Segment Start: RECORDS SUPPLIED

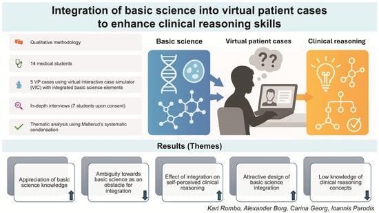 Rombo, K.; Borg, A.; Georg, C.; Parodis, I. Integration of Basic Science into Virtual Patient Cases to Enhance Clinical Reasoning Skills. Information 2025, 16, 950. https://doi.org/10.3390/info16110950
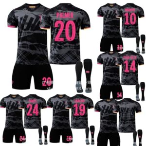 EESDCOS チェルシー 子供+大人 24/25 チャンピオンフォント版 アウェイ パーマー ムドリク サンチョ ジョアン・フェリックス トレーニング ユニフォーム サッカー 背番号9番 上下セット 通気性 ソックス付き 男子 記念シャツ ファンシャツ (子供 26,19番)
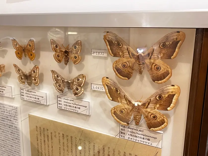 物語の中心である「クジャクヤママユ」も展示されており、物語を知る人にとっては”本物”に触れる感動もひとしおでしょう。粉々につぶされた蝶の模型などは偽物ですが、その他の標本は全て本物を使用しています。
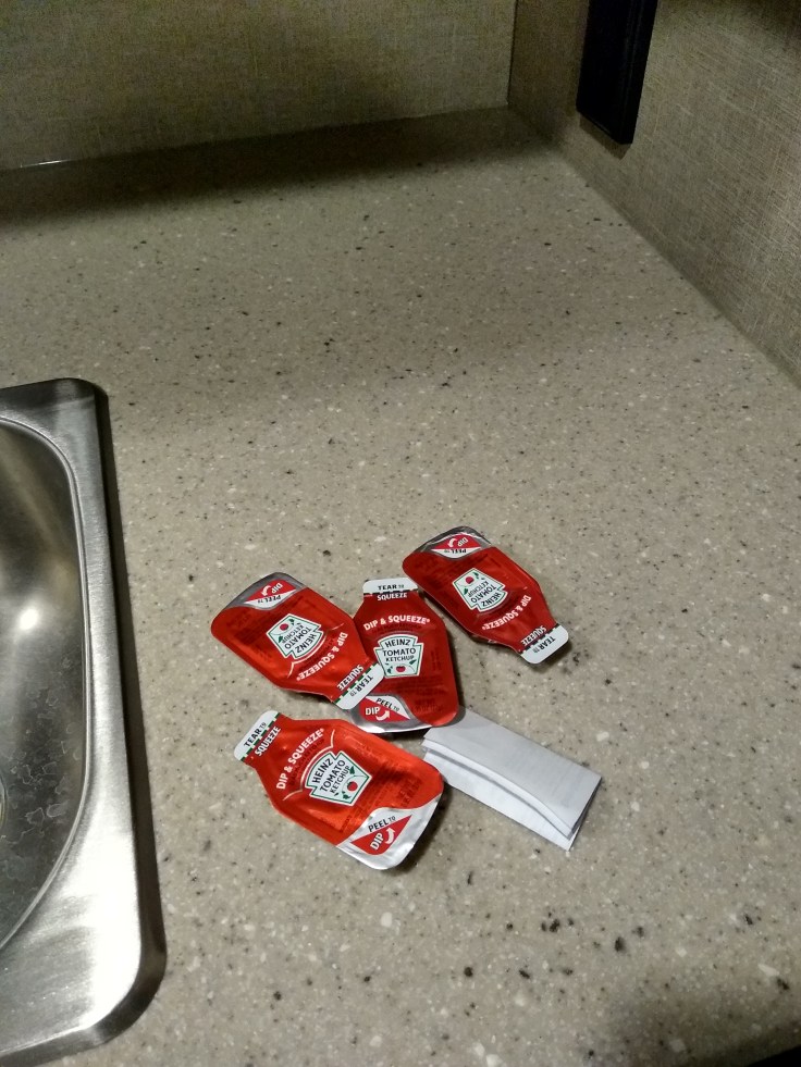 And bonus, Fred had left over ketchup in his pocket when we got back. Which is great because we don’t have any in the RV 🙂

Segment End: RECORDS SUPPLIED
Segment Start: RECORDS SUPPLIED

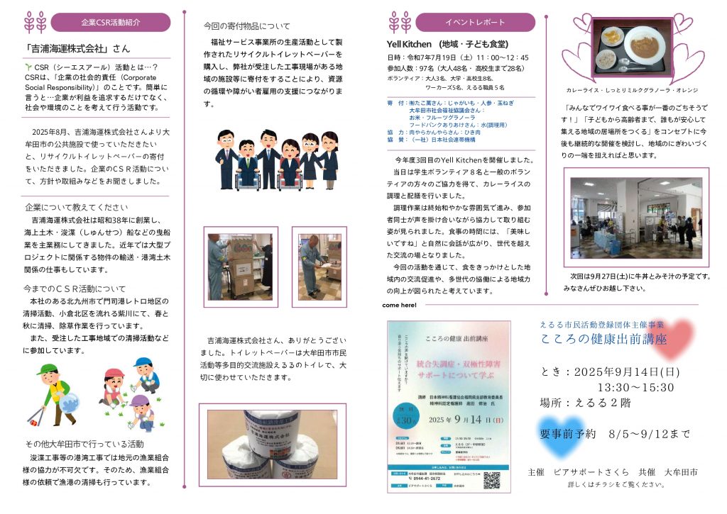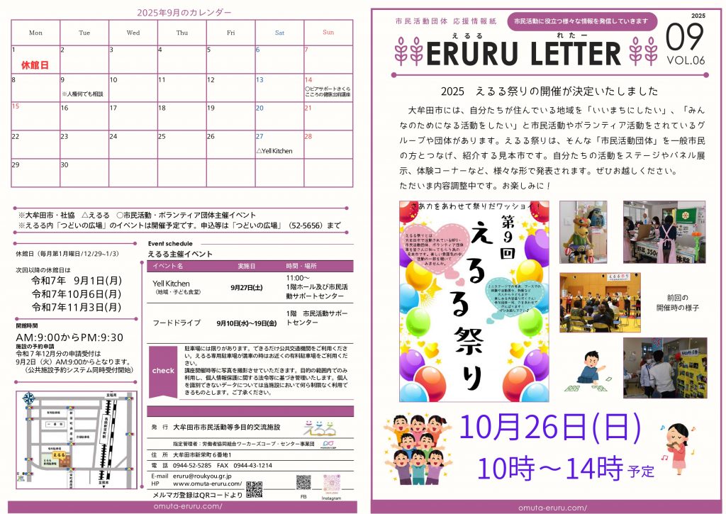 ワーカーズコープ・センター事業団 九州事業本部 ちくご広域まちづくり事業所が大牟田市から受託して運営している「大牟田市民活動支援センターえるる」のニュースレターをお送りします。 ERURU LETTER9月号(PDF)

Segment End: RECORDS SUPPLIED
Segment Start: RECORDS SUPPLIED

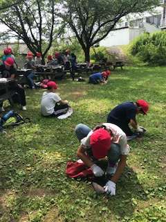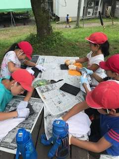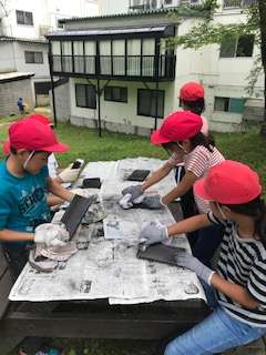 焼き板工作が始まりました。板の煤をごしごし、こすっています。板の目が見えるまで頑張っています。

Segment End: RECORDS SUPPLIED

ASSIGNMENT | From the records above, copy only the lines running from the line holding "物語の中心である「クジャクヤ" through the line holding "And bonus, Fred", with no pictures.

TASK OUTPUT |
 物語の中心である「クジャクヤママユ」も展示されており、物語を知る人にとっては”本物”に触れる感動もひとしおでしょう。粉々につぶされた蝶の模型などは偽物ですが、その他の標本は全て本物を使用しています。
 And bonus, Fred had left over ketchup in his pocket when we got back. Which is great because we don’t have any in the RV 🙂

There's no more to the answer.